À La Passerelle, un jeune public et une table-ronde pour s’attaquer au « poids des normes » liées au genre
« Norman, c’est normal à une lettre près ». Le spectacle entend se moquer des conformismes en mobilisant davantage les ressorts de l’humour et de la joie que ceux du militantisme. La mise en scène pop, tonique et colorée pourrait d’ailleurs bien saisir les spectateurs au point de leur donner une furieuse envie de danser. Ce jeune public proposé à La Passerelle, outre les trois représentations scolaires, sera également donné en public les mercredi 20 et samedi 23 novembre.
Norman, c’est un petit garçon comme les autres, à ceci près qu’il aime porter des robes tournicotantes. Et ses parents l’acceptent tant bien que mal. Un jour, ils l’autorisent à se rendre à l’école dans sa tenue favorite. Mais les moqueries et les insultes vont vite ternir sa joie. À l’origine de ce scénario, il y a un fait réel qui a marqué Clément Thirion, le metteur en scène.
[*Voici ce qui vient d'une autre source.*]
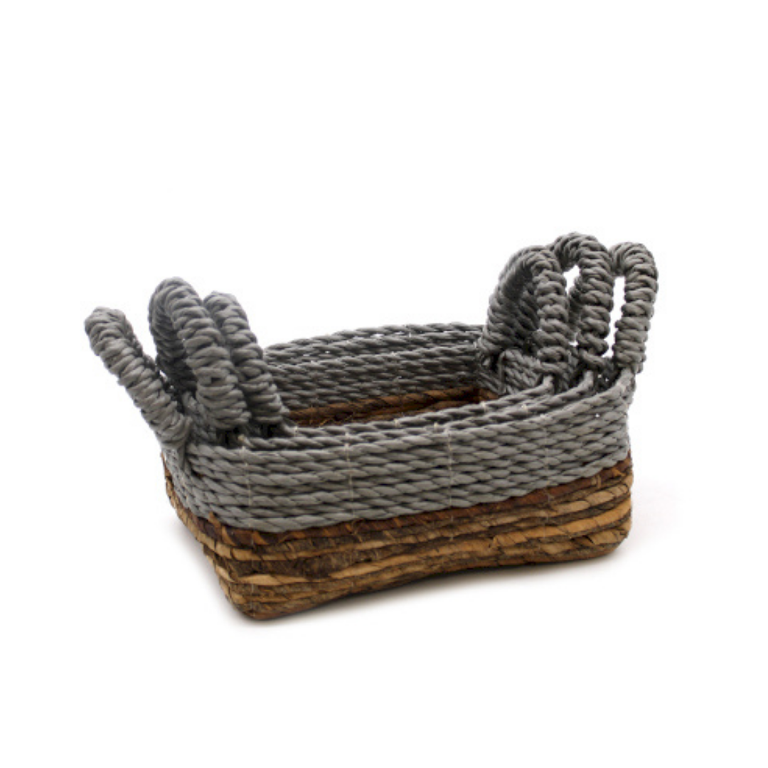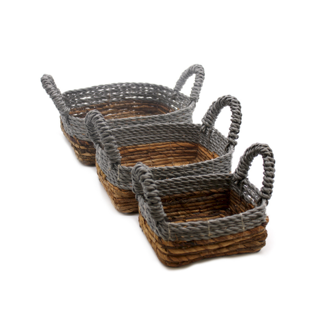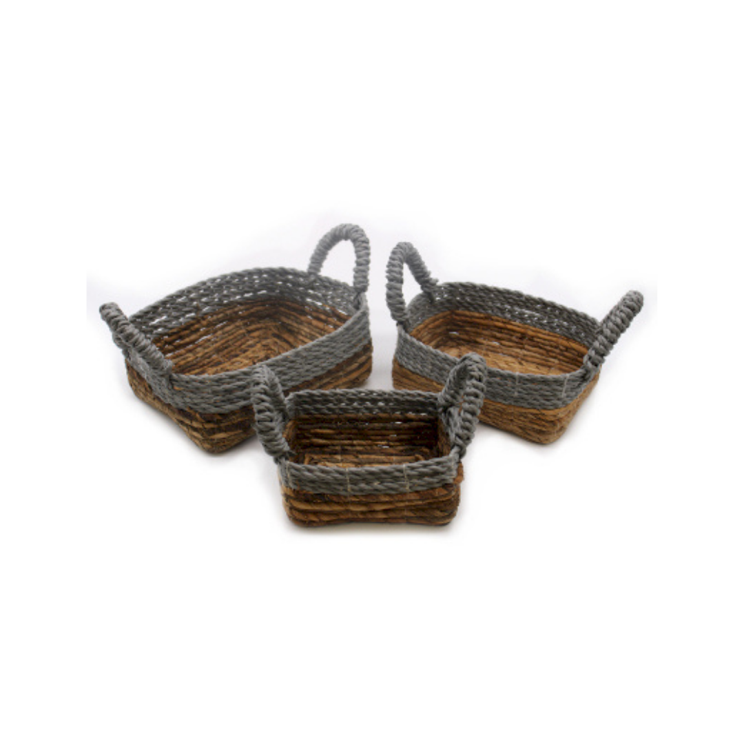 Banana Leaf & Abu-Abu Raffia Square Basket - Set of 3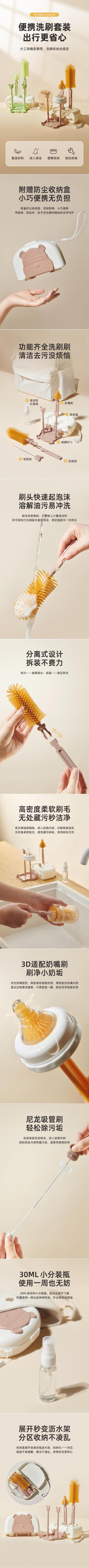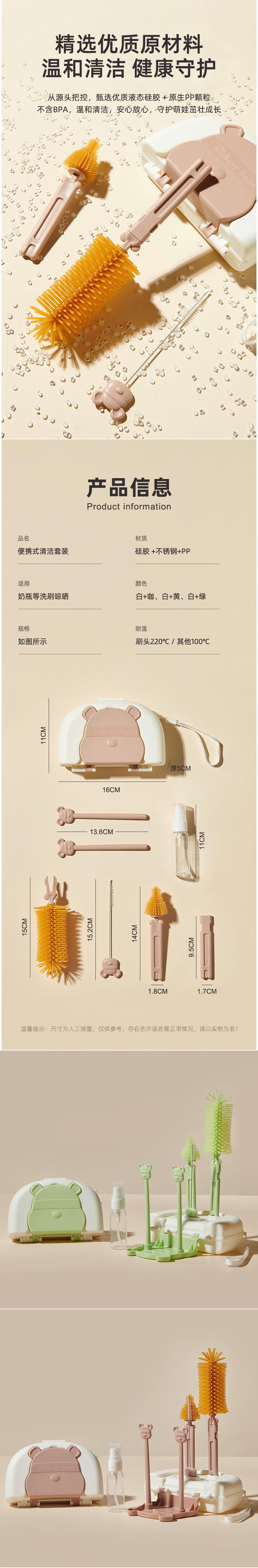 fighting bear baby silicone portable baby bottle brush set baby cleaning brush

En Allemagne, un père avait décidé de porter des robes en solidarité avec son fils qui voulait porter des robes pour aller à l’école. Cela se passait à Berlin, avant qu’ils ne déménagent dans une autre ville. Ce que j’ai aimé, c’est que plutôt que ce soit le fils qui se conforme à ce qu’on attend de lui, c’est le père qui a fait un pas vers lui en mettant des robes.
Une pièce, de théâtre avant tout, mais qui accorde cependant un rôle particulier à la danse, explique Clément Thirion.
C’est vraiment une histoire qui se raconte avec du texte, qui a été écrit par Marie Henry, dans lequel s’insèrent des moments dansés qui sont inclus dans le texte et dans l’histoire et dans la narration. Et c’est en cela que c’est entre guillemet « hybride », parce que la danse a vraiment une dimension dramaturgique, elle n’est pas juste là pour illustrer, égayer. La danse raconte quelque chose qui est inclus dans l’histoire. Elle exprime des points de vue un peu différents du texte. Par exemple, à un moment donné, on voit le point de vue des institutrices sur Norman, lors de la préparation de la fête de fin d’année, où elles sont un petit peu revêches et puis tout d’un coup il y a de la musique, elles se mettent à danser et on comprend qu’en fait c’est elle qui s’éclatent sur la musique et veulent s’amuser. C’est l’un des exemples où la danse vient raconter quelque chose en plus que le texte.
Avec cette pièce, Clément Thirion espère contribuer à son échelle à relativiser les normes en place, notamment sur les questions liées au genre, plutôt qu’à en créer de nouvelles.
En changeant une norme, on remplace juste une norme par une autre. J’ai l’impression, et là je dis ça avec des pincettes, qu’on a besoin d’un cadre, de valeurs, de points de repères… j’estime que c’est peut-être normal. Et encore, c’est un point d’interrogation. En tout cas, il faut en effet questionner cette norme, ces repères, ce cadre et se dire que ceux qui n’y sont pas ne sont pas des OVNI mais des personnes avec d’autres repères, d’autres envies, d’autres cadres. Je crois que si on pouvait considérer le monde et la différence avec curiosité plutôt que rejet, l’on ferait par contre un grand pas.
En lien avec « Norman » et « Discussion avec DS », La Passerelle organise une table ronde sur la question des stéréotypes de genre et comment les regards dans leur diversité participent de leur déconstruction, à travers le spectacle vivant, le cinéma, la littérature… mardi 26 novembre à 18h30 à l’entresort du théâtre en entrée libre. Elle sera coanimée par le directeur de La Passerelle Christian Lalos et la déléguée départementale aux droits des femmes et à l’égalité entre les femmes et les hommes des Hautes-Alpes Joanna Della Rosa, avec pour invités : Léa Djeziri, autrice de bande dessinée et illustratrice pour la jeunesse et la presse ; Lucie Geffroy, cofondatrice et corédactrice en chef du journal La Déferlante ; Océane Perona, autrice ; Raphaëlle Rousseau, comédienne et autrice ; Clément Thirion, metteur en scène.